New Munk School Course Looks At The COVID-19 Pandemic From All Angles
As the world grapples with the continued effects of COVID-19, it has become essential to think critically about the global policy response to the pandemic. This fall, the Munk School of Global Affairs & Public Policy will offer a new course called The Global Impact of COVID-19, to do just that. The course, open to Munk School graduate students as well as some fourth-year undergrads, will offer a look at the pandemic, its resulting policies and societal effects through the work of 12 faculty members, all offering their specialized expertise. It will serve as the first time that multiple Munk School faculty members will be teaching the same course, and the first course ever to be offered across all Munk School disciplines.
“The course reviews how different countries reacted to COVID-19, examining their policies and implications,” says Shiri Breznitz, director of Munk School’s Master of Global Affairs program. Each week, students will watch a pre-recorded lecture from a faculty member on their own time, followed by a class discussion to contextualize the content.“You read so much in the news and I don’t think you grasp the difference in how each country handled it, and how countries in the same region can have such different responses,” says Breznitz. “It’s important to consider how much policy matters in treating something we were not prepared for.”

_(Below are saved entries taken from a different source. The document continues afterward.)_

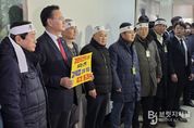 브릿지저널 윤나영 기자 | 9일부터 국회 천막농성을 이어가고 있는 김진태 강원특별자치도지사가 2월 10일 국회 행정안전위원회 제1법안심사소위원회 회의실 앞에서 ‘투쟁’이라고 적힌 머리띠를 두르고 강원특별자치도법 3차 개정안의 조속한 심사를 강력 촉구했다. - 이날 국회 행안위 법안심사소위에서는 행정통합특별법이 상정돼 심사가 진행 중이며, 해당 법안은 11일까지 논의가 이어질 예정이다. 이 자리에는 유상범 국회의원(홍천・횡성・영월・평창)도 ‘강원도민의 삶을 바꾸는 선택. 강특법 3차 개정 즉각 통과’라고 적힌 피켓을 들고 행정안전위원회 의원들에게 강원특별법 3차 개정안의 조속한 처리를 요청했다. 김 지사는 “행정통합 시도인 5극은 빠른 속도로 국회 심사대에 오른 반면, 정부 부처 협의까지 마친 강원특별법 3차 개정안은 17개월 째 단 한 차례도 법안심사 논의가 이뤄지지 않았다”며 강한 유감을 표했다. 이어 “강원・전북・제주・세종, 이른바 3특과 행정수도 특별법안 역시 균형발전 차원에서 신속히 처리돼야 한다”고 강조했다.
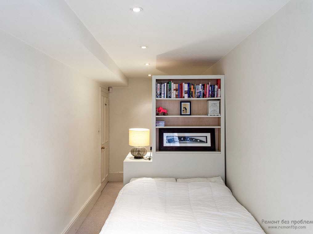 - Уникальный дизайн получится при создании фальшивых стен из гипсокартона, в которых можно будет создать ниши для размещения светильников, декора, книг. Но этот вариант обустройства существенно съест имеющуюся площадь.
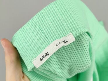 Na co dzieńSpódnica damska marki Sinsay w rozmiarze XL, w jasnym, miętowym kolorze. Charakteryzuje się prążkowaną strukturą materiału, co nadaje jej ciekawą fakturę. Na całej długości spódnicy z przodu znajdują się ozdobne guziki, które dodają jej elegancji. Z przodu umieszczono również rozcięcie, zapewniające swobodę ruchów i dodające spódnicy nowoczesnego wyglądu. Jest to wszechstronny element garderoby, idealny zarówno do codziennych, jak i bardziej formalnych stylizacji.
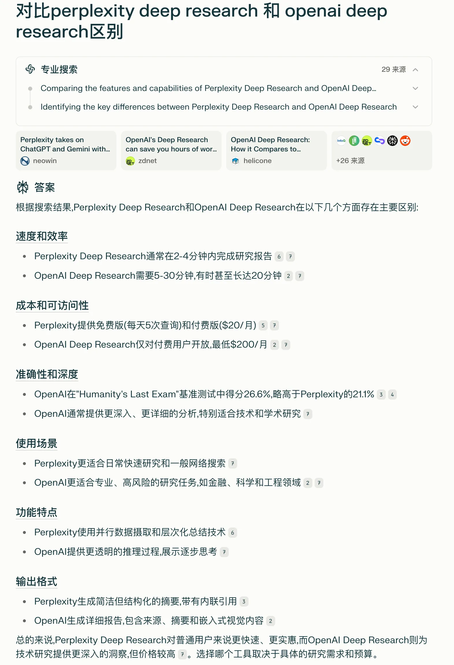 - DeepResearch目前看来是Pro搜索的增强版,搜索时间比较长,但效果并没有好很多,因此目前看来实用性是比较低的
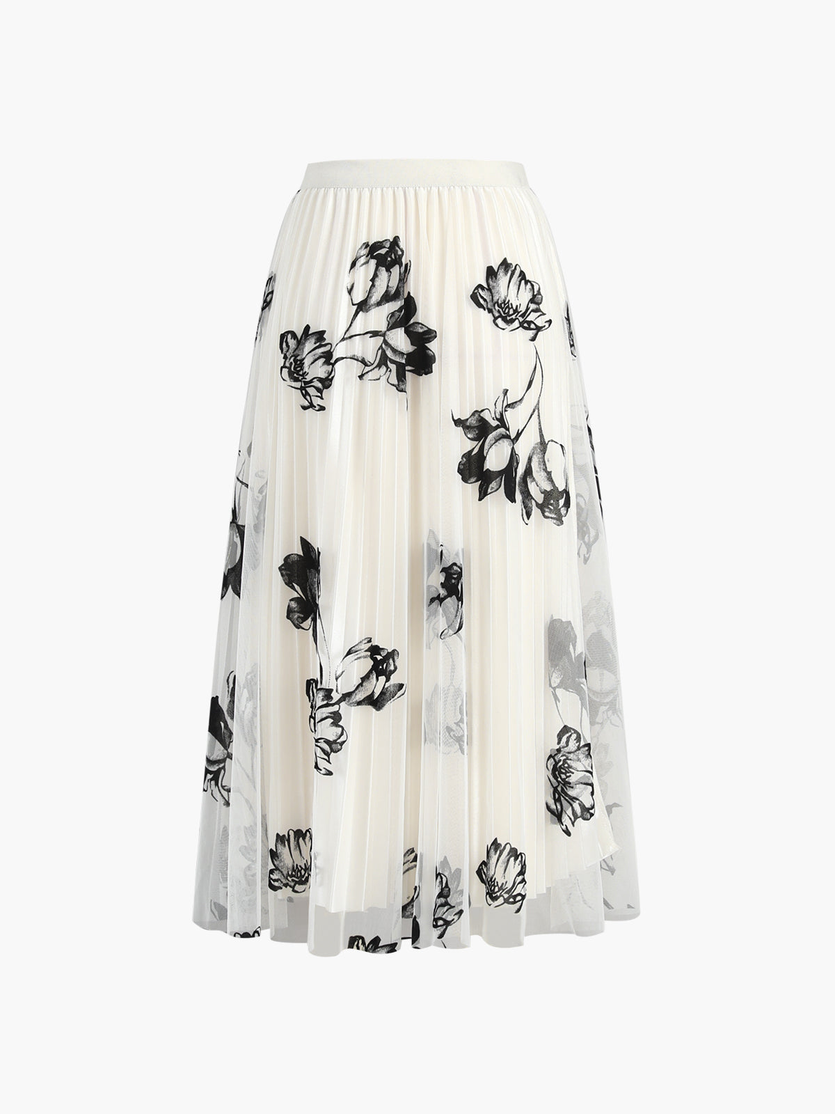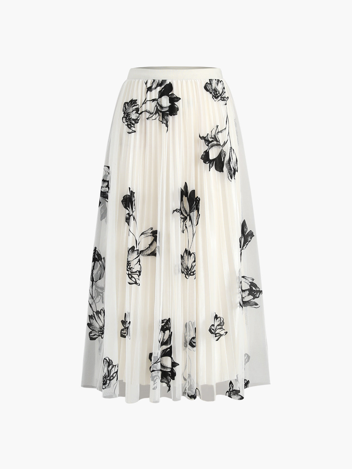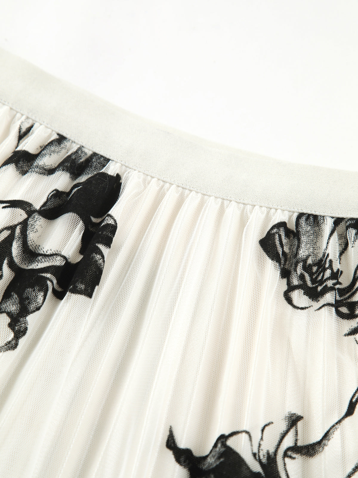 Mürekkep Boyama Baskı Çift Kat Pileli Midi Etek
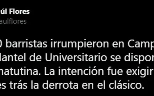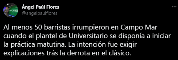 A esto se le suma lo dicho anteriormente por el periodista de Willax Deportes, Ángel Flores:“Al menos 50 barristas irrumpieron en Campo Mar cuando el plantel de Universitario se disponía a iniciar la práctica matutina. La intención fue exigir explicaciones trás la derrota en el clásico”.
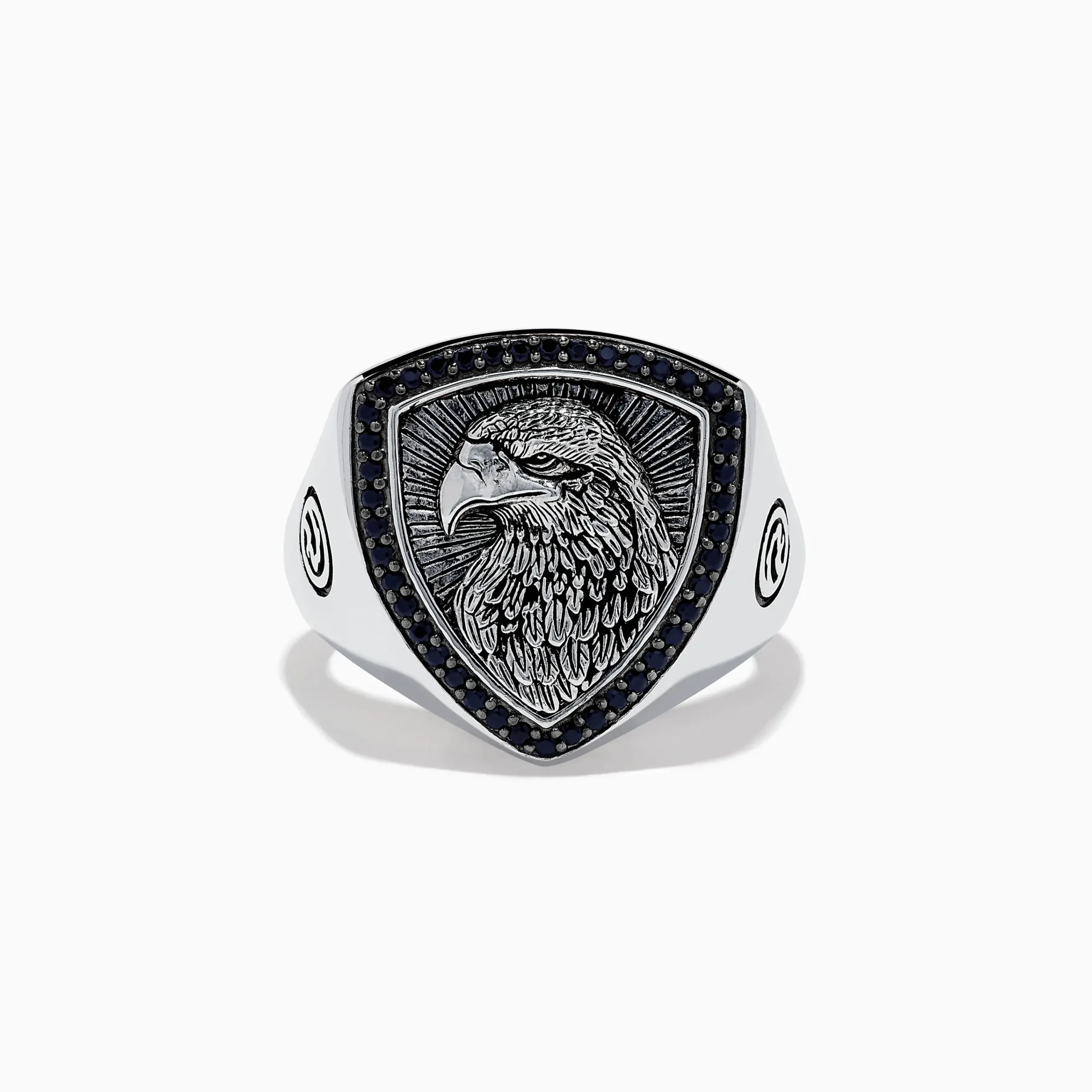 Men’s 925 Sterling Silver Black Spinel Eagle Shield Ring

In the first week, Lynette Ong, associate professor in the Department of Political Science and the Munk School’s Asian Institute, will look at China, both as the starting point for the virus and also the location of the earliest and most effective social distancing measures. From there, professors from a variety of disciplines within Munk School will effectively take students from Denmark to the United States, Taiwan, and select countries in Africa. Beyond the responses of specific nations, the course will also include discussions around the pandemic’s effects on public health, social and economic inequalities; and education.
“There’s a lecture by Arjumand Siddiqi about inequalities in the time of COVID, specifically in a Canadian context,” says Breznitz. “Ito Peng will be discussing long-term health care systems, and Anita McGahan will be talking about global challenges.” Breznitz’s own lecture, Higher Education in the Time of COVID, arrives in week 12 of the course.
Breznitz notes that learning about what will undoubtedly be an important historic shift while living through it offers its own unique challenges, as well as advantages. “There are a few faculty members who are waiting until the last minute to record because they want to have the latest information,” she says, noting that the evolving response to the pandemic in Africa will influence associate professor Wilson Prichard’s lecture in week 10. “We have 12 weeks, so things will change over time. But that’s what makes it interesting.”
While most courses are developed by a single professor, The Global Impact of COVID-19 allows multiple faculty members to bring new information, teaching and discussion styles to the course on a weekly basis. According to Breznitz, it gives the professors a chance to finally work together. “You have faculty from the Asian Institute, the Centre for European, Russian and Eurasian Studies, and the Master of Public Policy among others,” says Breznitz. “Very few faculty members could have done this course by themselves, so I appreciate the time they took to consider how their work fits into this topic.”